Ostrid, fortunately, would understand that. Almandar probably already had dirty thoughts about what might happen at the mason's house that evening, but, if so, he could hardly be more wrong. Ostrid was, admittedly, quite attractive, but she was a little young for him, and anyway, there would have been a great many arrangements to be made if he had intended to woo her. Dwarves, unlike humans or elves, simply did not act like that, and it was a sign of trust that Tharn and Olthen had not even bothered to worry about such things. Just because two people of the opposite sex were in the same building together did not necessarily mean that they would try to... well, procreate.
The house had the typical appearance of most of the others nearby, but Dolrim's practiced eye could discern the higher quality of the stonework, as befitted a dwarf of Tharn's status and profession. It was also slightly larger, with a sloping roof of slate, a sign of the family's wealth from its trade. He knocked on the door, and prepared to announce his name and purpose when Ostrid opened the door.
Only, it wasn't Ostrid; it was Relayna.
Dolrim was puzzled, and immediately on the alert. Shouldn't she be with Almandar right now? Or had he misinterpreted what the half-elf was doing tonight? It seemed unlikely, knowing him, but, of course, there was always the possibility that he had met someone else entirely.
Relayna was obviously a trusted friend of the Olain clan, and Tharn in particular, and, indeed, he had even heard her name before.
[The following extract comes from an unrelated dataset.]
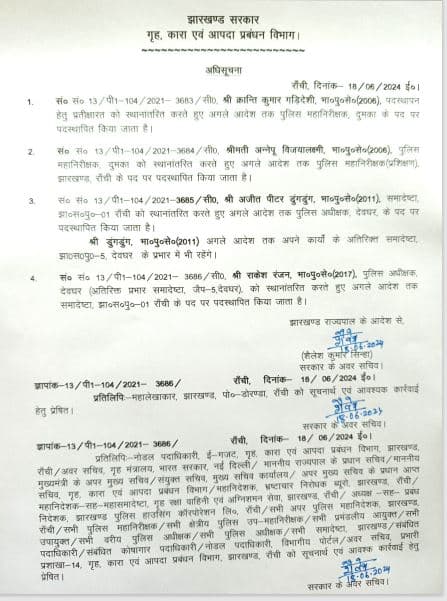 रांची : राज्य सरकार ने चुनाव के बाद 4 आईपीएस का तबादला किया है. अजित पीटर डुंगडुंग को फिर से देवघर का एसपी बनाया गया है.

She was a merchant who often worked with dwarves, helping to sell their wares onto the human market, especially beyond Haredil. So, as far as he knew, she could be trusted. Yet her presence here was strange, to say the least, and he had noticed that she had spent some time sizing up the adventurers when they had arrived. Almandar might have thought she was looking only at him, with his sometimes one-track mind, but Dolrim had found himself under her gaze as well. What did she really want?
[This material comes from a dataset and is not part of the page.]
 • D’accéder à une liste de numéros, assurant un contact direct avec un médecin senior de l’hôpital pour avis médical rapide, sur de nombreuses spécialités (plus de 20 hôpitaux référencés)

"Dolrim," she said, "do come in. We were just finishing a meal -- I do love your cuisine -- but all the documents are ready for you downstairs. Or so I'm told -- apparently, I'm not allowed to see them!"
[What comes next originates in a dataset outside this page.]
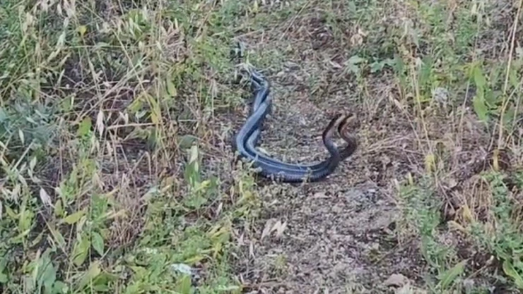 Erzincan'ın Kemaliye ilçesinde yaklaşık iki metre uzunluğundaki iki yılanın çiftleşme dansı kaydedildi.

It seemed plausible, but somehow her words did not quite ring true. She was hiding something, but what? He was only carrying a dagger, since it did not do to wander the streets of the city in full armour and weapons, but it was a large one, and he was proficient with its use. He surreptitiously moved his hand towards it, ready to grab it if need be, but nonetheless stepped into the house. They were surrounded by fellow dwarves here, this should be a safe part of the city... but something odd was going on, something he did not quite understand. And, as a warrior, there was only one way to prepare for that.